Available data START

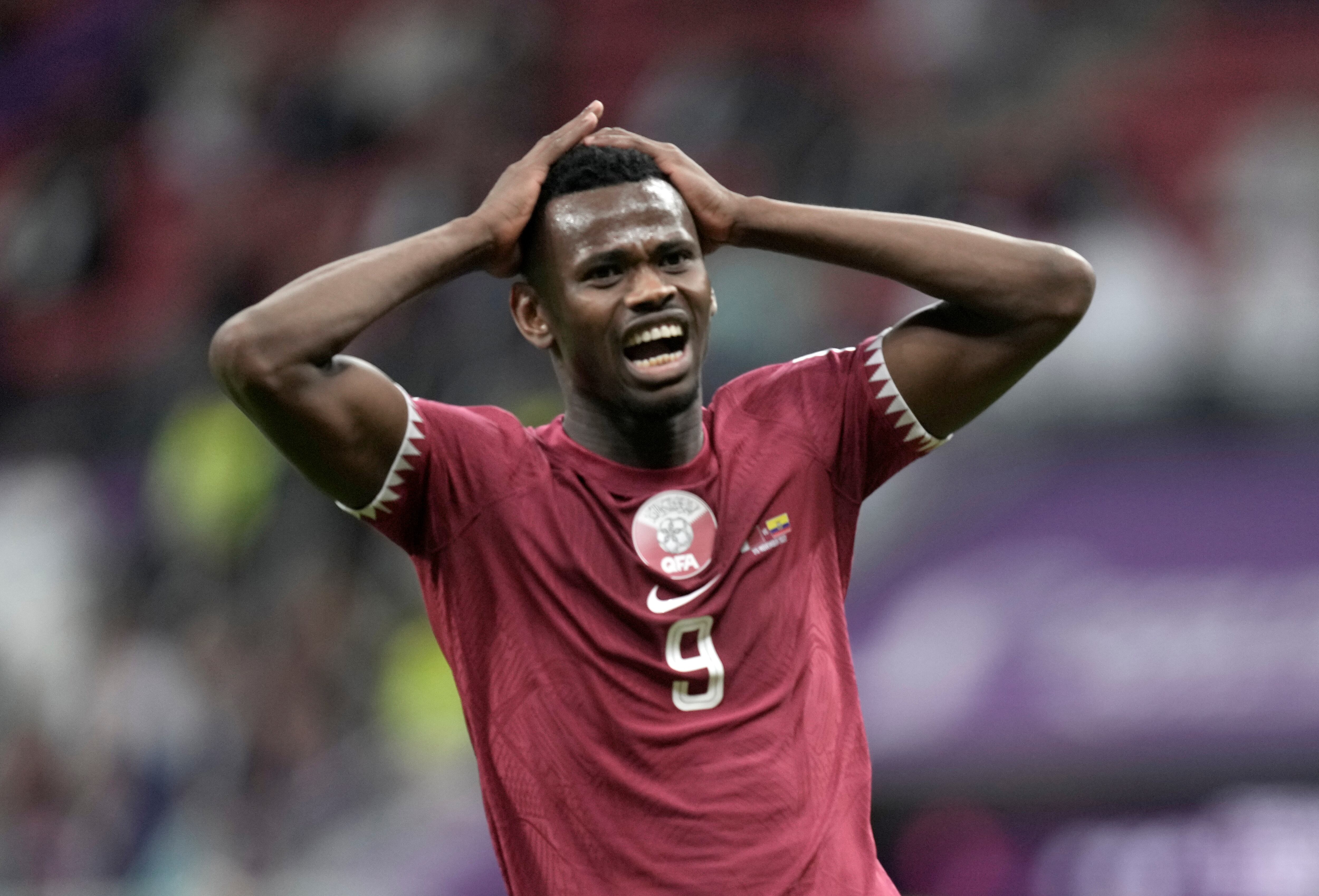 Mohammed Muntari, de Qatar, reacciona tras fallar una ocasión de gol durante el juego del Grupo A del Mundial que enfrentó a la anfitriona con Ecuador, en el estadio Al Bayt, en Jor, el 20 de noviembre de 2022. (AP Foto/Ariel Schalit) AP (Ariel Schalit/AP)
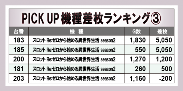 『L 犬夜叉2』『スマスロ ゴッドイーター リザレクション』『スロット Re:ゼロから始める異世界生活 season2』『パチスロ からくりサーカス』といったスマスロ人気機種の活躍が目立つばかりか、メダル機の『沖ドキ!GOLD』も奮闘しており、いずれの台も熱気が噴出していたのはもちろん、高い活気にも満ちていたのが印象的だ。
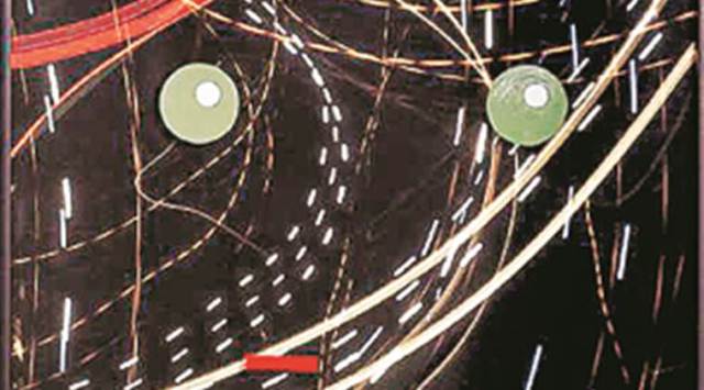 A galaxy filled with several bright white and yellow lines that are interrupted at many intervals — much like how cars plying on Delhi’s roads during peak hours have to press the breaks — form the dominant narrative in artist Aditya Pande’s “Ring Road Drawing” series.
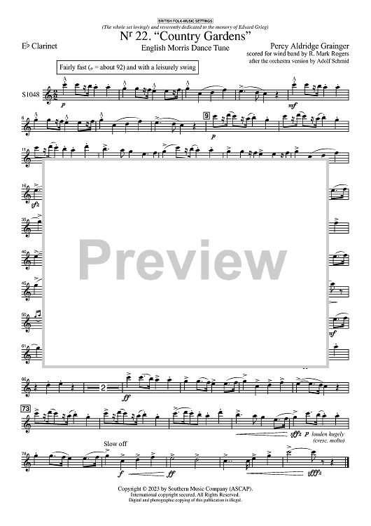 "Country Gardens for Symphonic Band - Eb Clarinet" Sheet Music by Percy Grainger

Available data END

▸ **Work item**: Pictures excluded, copy the lines exactly from where the material starts to the line with "犬夜叉2』『スマスロ ゴッドイーター リザレクション』『スロット", inclusive.

▸ **Result below**:
 Mohammed Muntari, de Qatar, reacciona tras fallar una ocasión de gol durante el juego del Grupo A del Mundial que enfrentó a la anfitriona con Ecuador, en el estadio Al Bayt, en Jor, el 20 de noviembre de 2022. (AP Foto/Ariel Schalit) AP (Ariel Schalit/AP)
 『L 犬夜叉2』『スマスロ ゴッドイーター リザレクション』『スロット Re:ゼロから始める異世界生活 season2』『パチスロ からくりサーカス』といったスマスロ人気機種の活躍が目立つばかりか、メダル機の『沖ドキ!GOLD』も奮闘しており、いずれの台も熱気が噴出していたのはもちろん、高い活気にも満ちていたのが印象的だ。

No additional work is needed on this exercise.